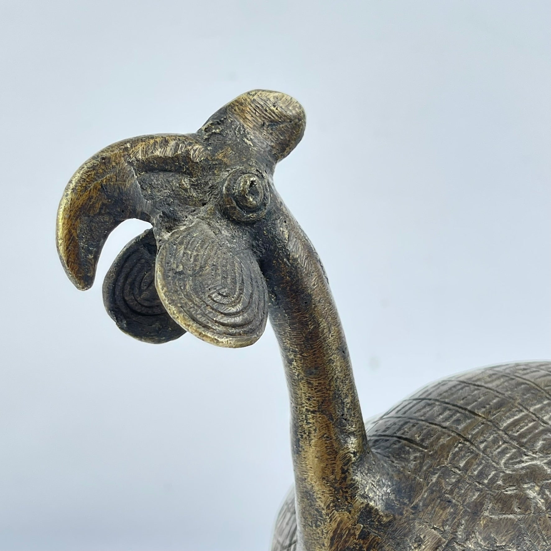This finely cast bronze guinea fowl comes from the Lobi peoples of Burkina Faso, whose metalwork traditions are deeply rooted in ritual and spiritual practice. Created using the lost-wax casting method, each piece is individually formed, making every example unique.
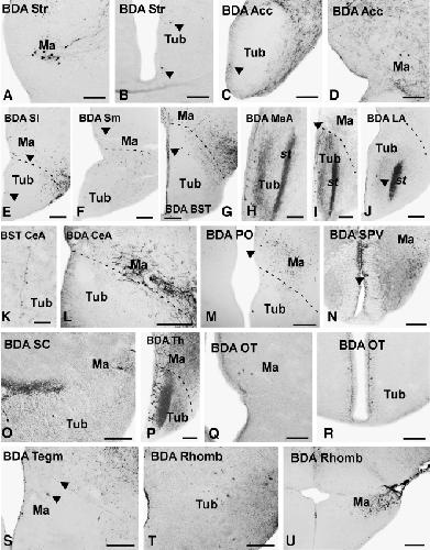 Figure 11. Photomicrographs of transverse sections through the brain of X. laevis showing retrogradely labeled cells and anterogradely labeled fibers in the tuberal and mammillary regions after BDA injections carried out in the different brain centers indicated in each photograph. The arrowheads in (B,C,E–G,I,J,M,N,S) point to labeled cells and fibers. Scale bars = 200 μm in B,C,E–J,L–N,P,R,U; 100 μm in A,D,O,Q,S,T; 50 μm in K. |
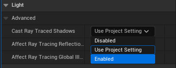 This applies Ray Trace shadows across the project, ensuring consistent behavior for all Directional Lights.
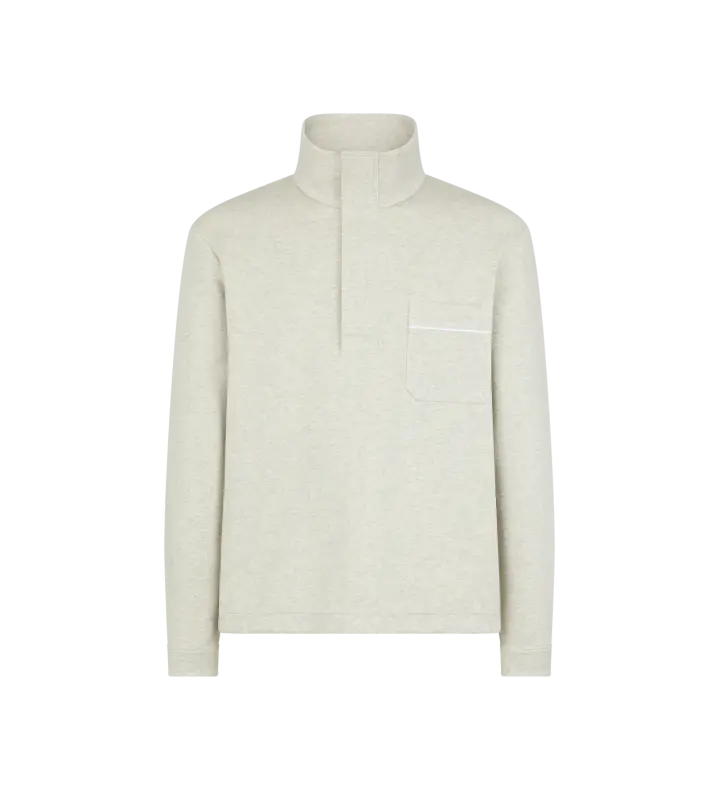 COTTON SILK CASHMERE HALF BUTTON PULLOVER MOON
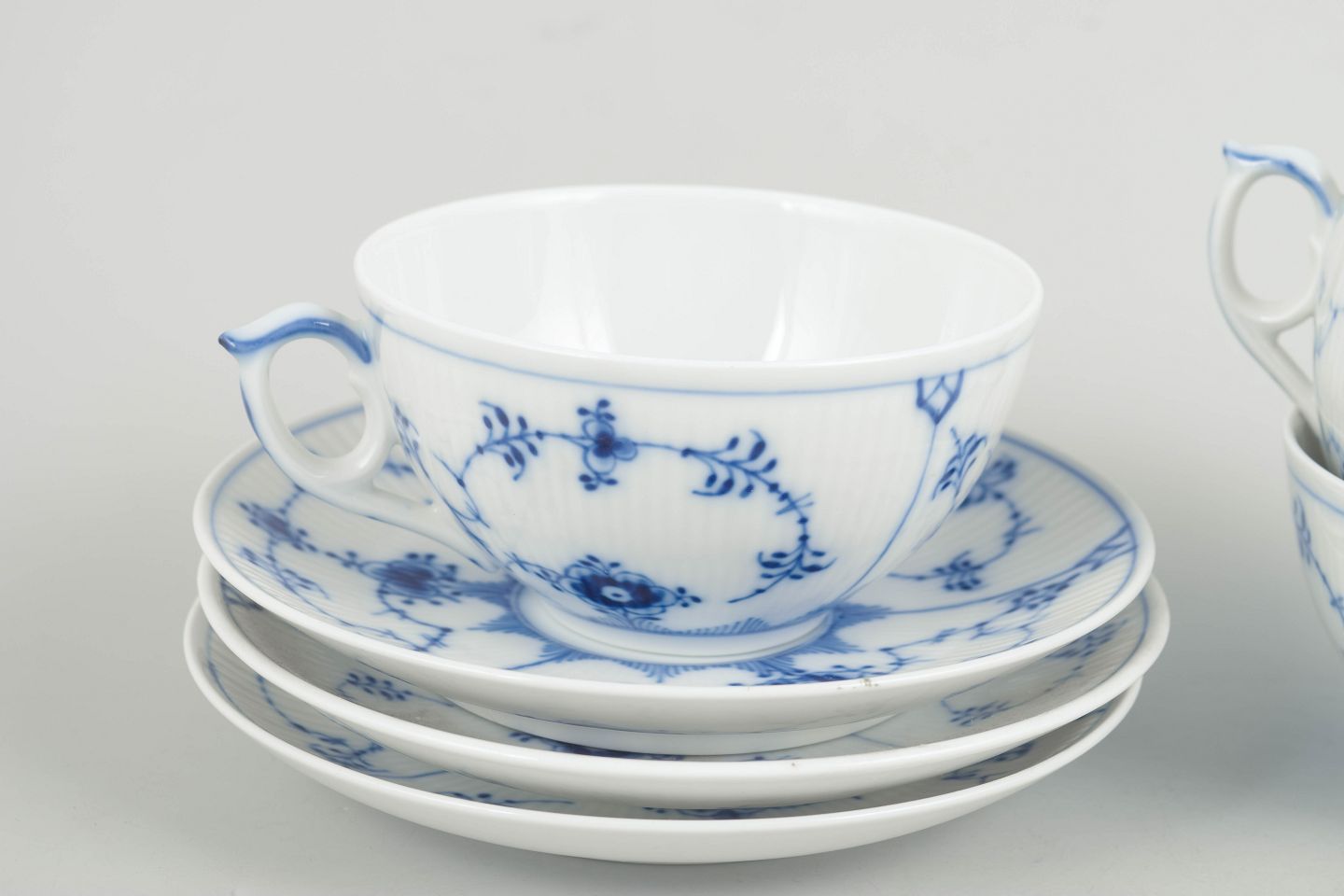 Royal Copenhagen Musselmalet Riflet, sæt af tre tekopper med underkopper.Beschreibung:
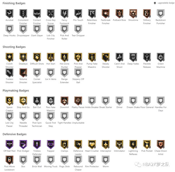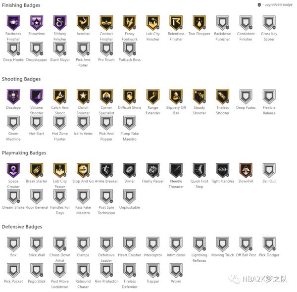 徽章方面,小卡的4枚紫章全是防守型,还有死亡缠绕、防守核心、诛心者、抢断专家等实用金章,防守绝对是T1级别。同时他的投篮章和终结章也很丰富,但就是不能打第一步大师和炮台。
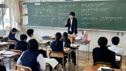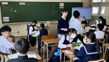 (写真 上:1年5組 英語・少人数「Unit2」)

> [YOUR GOAL]
Write out the whole listing exactly as it appears, and omit the pictures.

> [TASK ANSWER]
This finely cast bronze guinea fowl comes from the Lobi peoples of Burkina Faso, whose metalwork traditions are deeply rooted in ritual and spiritual practice. Created using the lost-wax casting method, each piece is individually formed, making every example unique.
 Figure 11. Photomicrographs of transverse sections through the brain of X. laevis showing retrogradely labeled cells and anterogradely labeled fibers in the tuberal and mammillary regions after BDA injections carried out in the different brain centers indicated in each photograph. The arrowheads in (B,C,E–G,I,J,M,N,S) point to labeled cells and fibers. Scale bars = 200 μm in B,C,E–J,L–N,P,R,U; 100 μm in A,D,O,Q,S,T; 50 μm in K. |
 This applies Ray Trace shadows across the project, ensuring consistent behavior for all Directional Lights.
 COTTON SILK CASHMERE HALF BUTTON PULLOVER MOON
 Royal Copenhagen Musselmalet Riflet, sæt af tre tekopper med underkopper.Beschreibung:
 徽章方面,小卡的4枚紫章全是防守型,还有死亡缠绕、防守核心、诛心者、抢断专家等实用金章,防守绝对是T1级别。同时他的投篮章和终结章也很丰富,但就是不能打第一步大师和炮台。
 (写真 上:1年5組 英語・少人数「Unit2」)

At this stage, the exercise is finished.